After the recession: Cure could be painful, many economists warn

November 11, 1990|By Stephen E. Nordlinger | Stephen E. Nordlinger,Washington Bureau of The Sun

Washington -- The U.S. economy, apparently already mired in at least a mild recession, will remain in a protracted economic bind that could last deep into the 1990s, well after a recovery from the current downturn begins, according to a growing number of economists.

Voter discontent in last Tuesday's election, in part reflecting the deteriorating economy, could well erupt again in the 1992 presidential campaign.

"The 1990s will be the slowest growth decade since the 1930s," says Donald H. Straszheim, chief economist for Merrill Lynch Capital Markets. "We are not going to get the kind of bounce back we'd like from the recession."

Few economists doubt that a recession is under way, ending the longest peacetime recovery since World War II. The sharp decline in the number of jobs over recent months affects a wide range of industries, removing any lingering uncertainty among most experts.

In fact, the country has been in what Roger E. Brinner, chief economist at DRI/McGraw-Hill, calls an "undeclared recession" for a year and a half.

"Arguing whether or not the nation is in recession is pointless," Mr. Brinner said, pointing to the economy's lackluster performance since early 1989. "There is no qualitative difference between meager positive growth and a 1 to 2 percent decline."

Spiraling oil prices in the wake of the Persian Gulf crisis tipped the already weak economy into a recession, probably in September or October, economists generally agree.

But economists are divided on whether the downturn will be as severe as the deep recessions of the early 1980s and the mid-1970s, or mild, with the economy pulling out of an average slump by next summer.
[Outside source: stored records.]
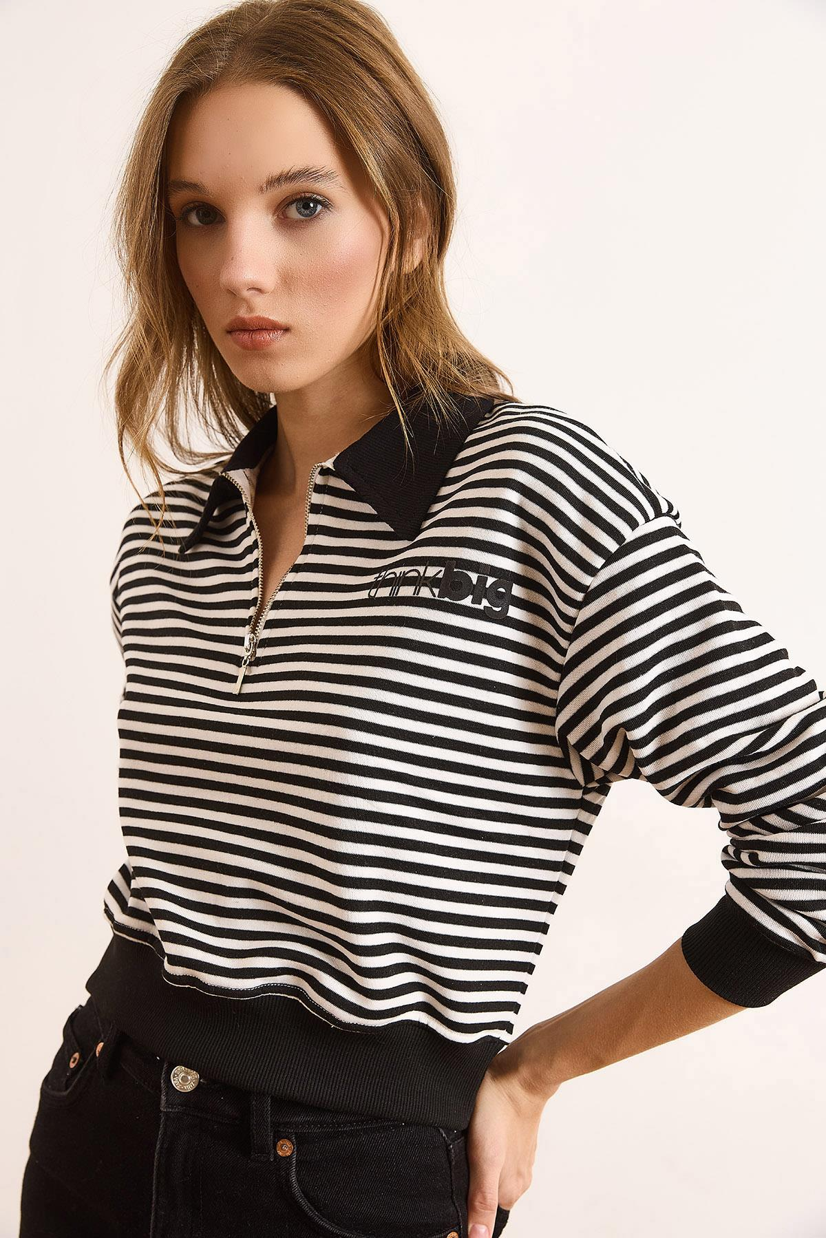 Polo Yaka Fermuarlı Çizgili Şardonsuz Crop Sweatshirt Siyah (SWT-19000746)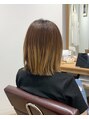 バレイヤージュ履から、塗り分けでなるべくダメージレスにブリーチ◎ほんのり紫味とほんのり茶味を混ぜた、上品なボルドーカラーカットはあご下2cmの切りっぱなしボブに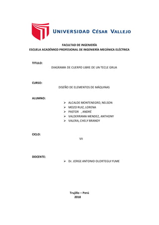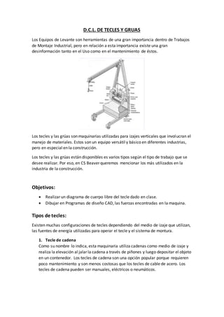 Este documento describe un proyecto de estudiantes de ingeniería mecánica para realizar el diagrama de cuerpo libre de un tecle grúa. Explica brevemente los tipos de tecles y grúas, así como el propósito de un diagrama de cuerpo libre para resolver problemas de dinámica y cinemática. Los estudiantes deben dibujar el diagrama de cuerpo libre del tecle dado y representar las fuerzas identificadas en programas CAD.
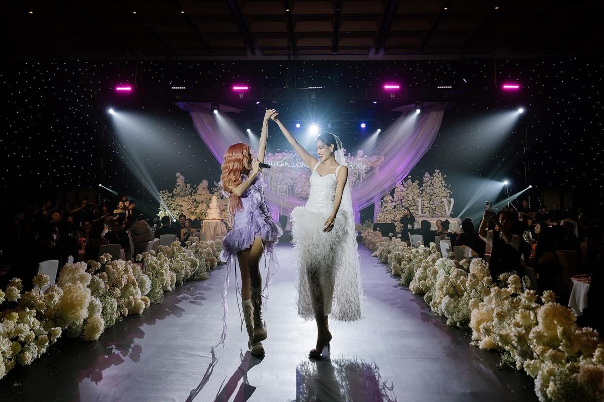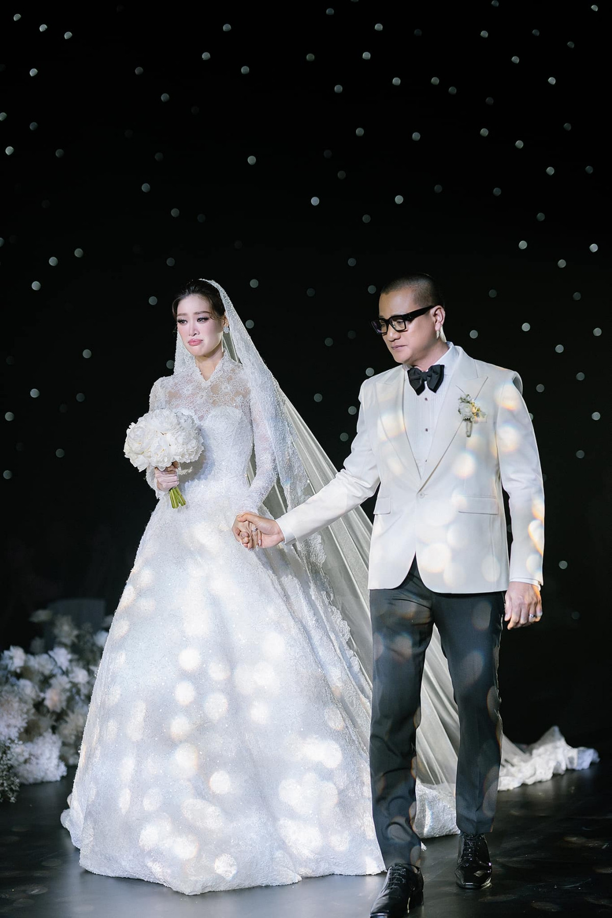 Trong không gian tràn ngập tình yêu, Khánh Vân tiếp tục tỏa sáng trong chiếc váy cưới lấy cảm hứng từ vẻ đẹp thanh tao, mong manh của hoa cánh bướm. Chiếc veil được điểm xuyết bằng hoa cánh bướm đính kết thủ công, như một biểu tượng của tình yêu vĩnh cửu.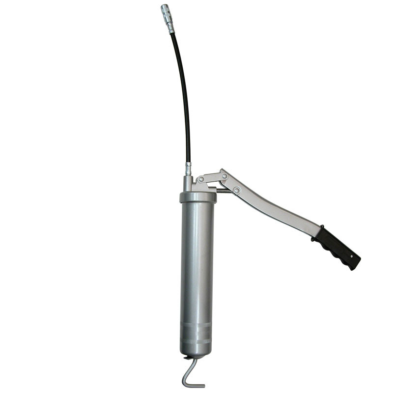 Gris métallisé. Permet d'utiliser de la graisse en vrac ou en cartouches. Complet avec flexible renforcé et agrafe 3-mors.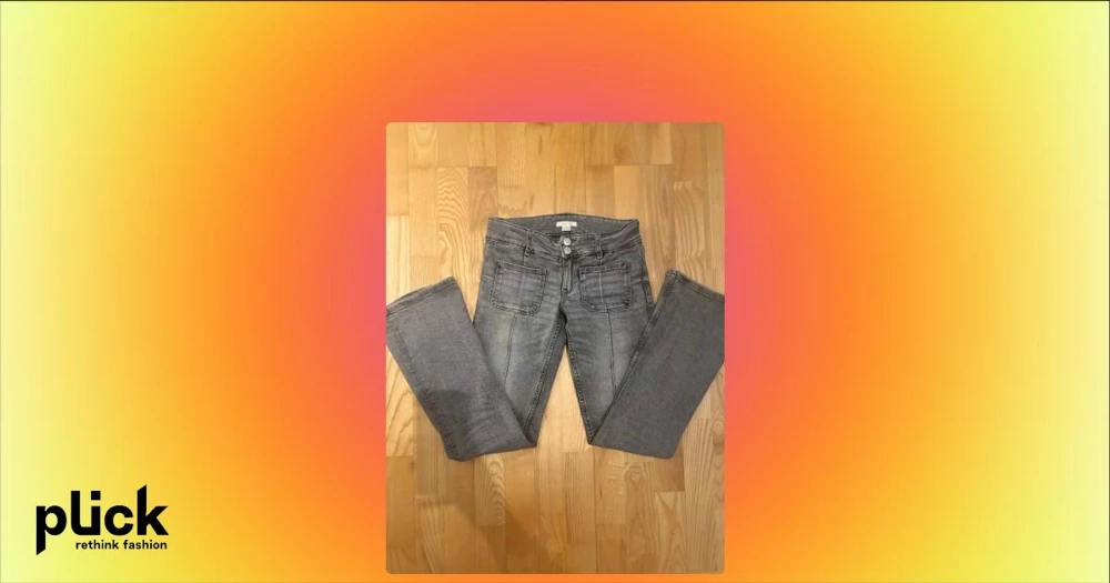 Grå lågmidjade jeans från Gina Tricot - Säljer ett par grå jeans från Gina Tricot i storlek 158. De har låg midja, bootcut och dubbla knappar framtill. Jeansen har klassiska fickor både fram och bak och är tillverkade i ett mjukt jeansmaterial.
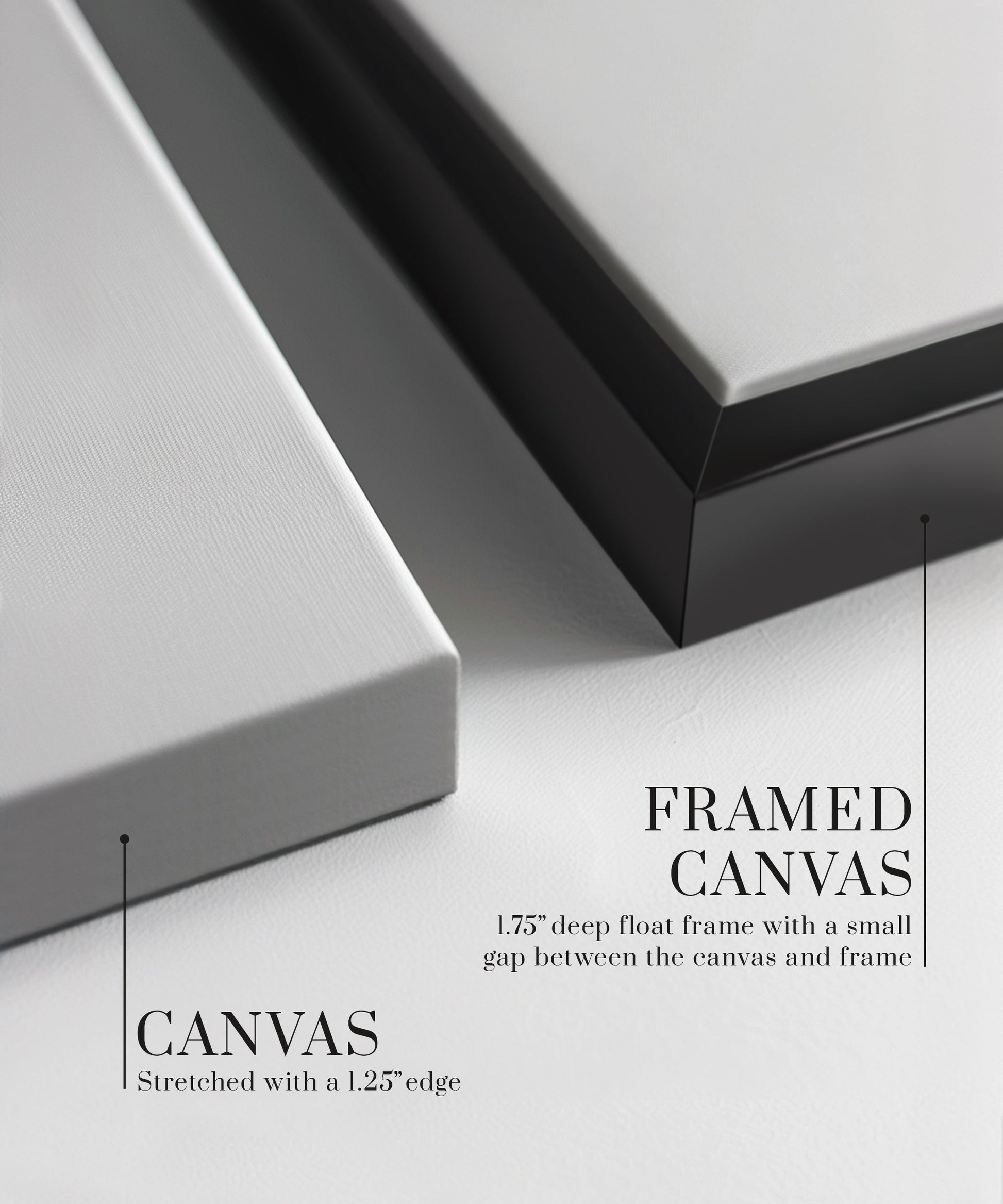 Our framed canvas option comes float framed with a small gap between the edge of the canvas and the frame. The depth of the frame is 1.75" and the width of the frame is .75".

The outlook hinges in large part on what happens in the Middle East. Hostilities leading to a break in oil supplies could send energy prices up, ensuring a deep recession.

Most economists think that if the crisis ends peacefully, the recession will be of the garden variety, and that deep-seated economic problems, such as the high level of government debt inherited from the 1980s, will still remain when a recovery begins.

In turn, that would mean another recession could follow in a year or two. Or, in the opinion of many economists, a feeble recovery would come, not strong enough to revive the job market or improve living standards appreciably.

"We are now about 18 months into what will turn out to be an extremely long period of very low average growth," said Lawrence Chimerine, president of Radnor Consulting Services in Wayne, Pa. "We are now paying the price, and will continue to pay the price, for some of the past excesses."

This decline is far different from past recessions since World War II, which often were caused by high inflation and other aspects of an overheated economy, including a tight labor market and large inventory buildups that led companies to scale back production.

Once corrective action was taken, often with the Federal Reserve Board's tightening monetary policy, the economy recovered and expanded into the next stage of the business cycle.

But this downturn is coming from a different, more complex direction, and economists think the cure will be more troublesome to effect.

Experts cite these forces as causes of the recession and impediments to prospects for a substantial rebound:

* The heavy debt burden assumed by governments, business and individuals in the 1980s caninhibit economic growth as companies and individuals hunker down. It also can precipitate a rash of bankruptcies, further interrupting economic expansion.

Debt in the economic expansion of the 1980s soared to 2.4 times the gross national product, compared with 1.7 times before the 1981-1982 recession. Henry Kaufman, a prominent Wall Street economist, says the debt buildup poses "extraordinary obstacles business recovery."

* The severe crunch faced by financial institutions is prompting them to toughen their credit standards. Even if businesses and individuals feel unconstrained by debt, they may be unable to obtain credit.

* The huge overbuilding in real estate will continue to cause a sharp decline in new construction.

* The new deficit-reduction package, combining spending cuts and tax increases, will cause the economy to slow. Fiscal policy is likely to continue to be a constraining influence on the economy as Washington adopts further deficit-cutting measures.

* State and local governments, facing huge deficits, are also raising taxes and cutting spending.

* Growth in productivity, the key to improving living standards, remains dismal in the fast-growing service sector. Improvements depend on long-term investments in education and new technology to make the nation more competitive internationally.

* Capital is going to be severely squeezed by international competition, making it much more difficult than in the 1980s to attract foreign funds to finance the budget deficit and investments.